Provided information:
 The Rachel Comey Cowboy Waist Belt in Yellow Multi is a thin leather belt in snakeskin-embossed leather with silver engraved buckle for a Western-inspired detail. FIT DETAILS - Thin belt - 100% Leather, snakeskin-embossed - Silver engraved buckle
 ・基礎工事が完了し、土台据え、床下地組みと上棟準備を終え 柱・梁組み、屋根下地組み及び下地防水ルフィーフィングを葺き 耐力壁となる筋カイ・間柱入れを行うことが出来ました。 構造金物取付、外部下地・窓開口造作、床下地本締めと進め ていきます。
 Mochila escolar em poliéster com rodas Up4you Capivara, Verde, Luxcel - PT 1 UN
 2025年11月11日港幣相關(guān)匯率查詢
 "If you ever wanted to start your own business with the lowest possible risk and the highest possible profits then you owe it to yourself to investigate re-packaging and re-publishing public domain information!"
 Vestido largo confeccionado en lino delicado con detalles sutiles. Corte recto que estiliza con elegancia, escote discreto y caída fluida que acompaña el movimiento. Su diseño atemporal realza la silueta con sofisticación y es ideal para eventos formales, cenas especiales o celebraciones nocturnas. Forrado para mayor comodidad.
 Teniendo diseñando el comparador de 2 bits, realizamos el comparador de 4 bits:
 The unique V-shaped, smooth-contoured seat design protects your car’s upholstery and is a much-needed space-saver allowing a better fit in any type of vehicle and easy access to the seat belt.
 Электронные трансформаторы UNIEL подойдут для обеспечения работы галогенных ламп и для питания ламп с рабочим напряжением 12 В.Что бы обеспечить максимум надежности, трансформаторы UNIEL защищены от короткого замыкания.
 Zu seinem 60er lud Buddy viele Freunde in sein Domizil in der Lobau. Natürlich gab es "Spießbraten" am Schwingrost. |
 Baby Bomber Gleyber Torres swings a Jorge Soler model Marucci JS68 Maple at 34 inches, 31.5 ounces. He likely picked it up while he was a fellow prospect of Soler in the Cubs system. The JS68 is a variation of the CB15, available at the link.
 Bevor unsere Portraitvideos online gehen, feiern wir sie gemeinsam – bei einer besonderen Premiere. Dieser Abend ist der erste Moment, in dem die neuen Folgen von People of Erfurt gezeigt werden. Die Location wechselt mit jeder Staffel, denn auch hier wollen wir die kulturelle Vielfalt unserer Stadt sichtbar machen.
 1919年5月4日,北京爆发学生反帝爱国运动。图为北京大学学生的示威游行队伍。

Your task: All of the records above are to be copied exactly.

Output for this task:
 The Rachel Comey Cowboy Waist Belt in Yellow Multi is a thin leather belt in snakeskin-embossed leather with silver engraved buckle for a Western-inspired detail. FIT DETAILS - Thin belt - 100% Leather, snakeskin-embossed - Silver engraved buckle
 ・基礎工事が完了し、土台据え、床下地組みと上棟準備を終え 柱・梁組み、屋根下地組み及び下地防水ルフィーフィングを葺き 耐力壁となる筋カイ・間柱入れを行うことが出来ました。 構造金物取付、外部下地・窓開口造作、床下地本締めと進め ていきます。
 Mochila escolar em poliéster com rodas Up4you Capivara, Verde, Luxcel - PT 1 UN
 2025年11月11日港幣相關(guān)匯率查詢
 "If you ever wanted to start your own business with the lowest possible risk and the highest possible profits then you owe it to yourself to investigate re-packaging and re-publishing public domain information!"
 Vestido largo confeccionado en lino delicado con detalles sutiles. Corte recto que estiliza con elegancia, escote discreto y caída fluida que acompaña el movimiento. Su diseño atemporal realza la silueta con sofisticación y es ideal para eventos formales, cenas especiales o celebraciones nocturnas. Forrado para mayor comodidad.
 Teniendo diseñando el comparador de 2 bits, realizamos el comparador de 4 bits:
 The unique V-shaped, smooth-contoured seat design protects your car’s upholstery and is a much-needed space-saver allowing a better fit in any type of vehicle and easy access to the seat belt.
 Электронные трансформаторы UNIEL подойдут для обеспечения работы галогенных ламп и для питания ламп с рабочим напряжением 12 В.Что бы обеспечить максимум надежности, трансформаторы UNIEL защищены от короткого замыкания.
 Zu seinem 60er lud Buddy viele Freunde in sein Domizil in der Lobau. Natürlich gab es "Spießbraten" am Schwingrost. |
 Baby Bomber Gleyber Torres swings a Jorge Soler model Marucci JS68 Maple at 34 inches, 31.5 ounces. He likely picked it up while he was a fellow prospect of Soler in the Cubs system. The JS68 is a variation of the CB15, available at the link.
 Bevor unsere Portraitvideos online gehen, feiern wir sie gemeinsam – bei einer besonderen Premiere. Dieser Abend ist der erste Moment, in dem die neuen Folgen von People of Erfurt gezeigt werden. Die Location wechselt mit jeder Staffel, denn auch hier wollen wir die kulturelle Vielfalt unserer Stadt sichtbar machen.
 1919年5月4日,北京爆发学生反帝爱国运动。图为北京大学学生的示威游行队伍。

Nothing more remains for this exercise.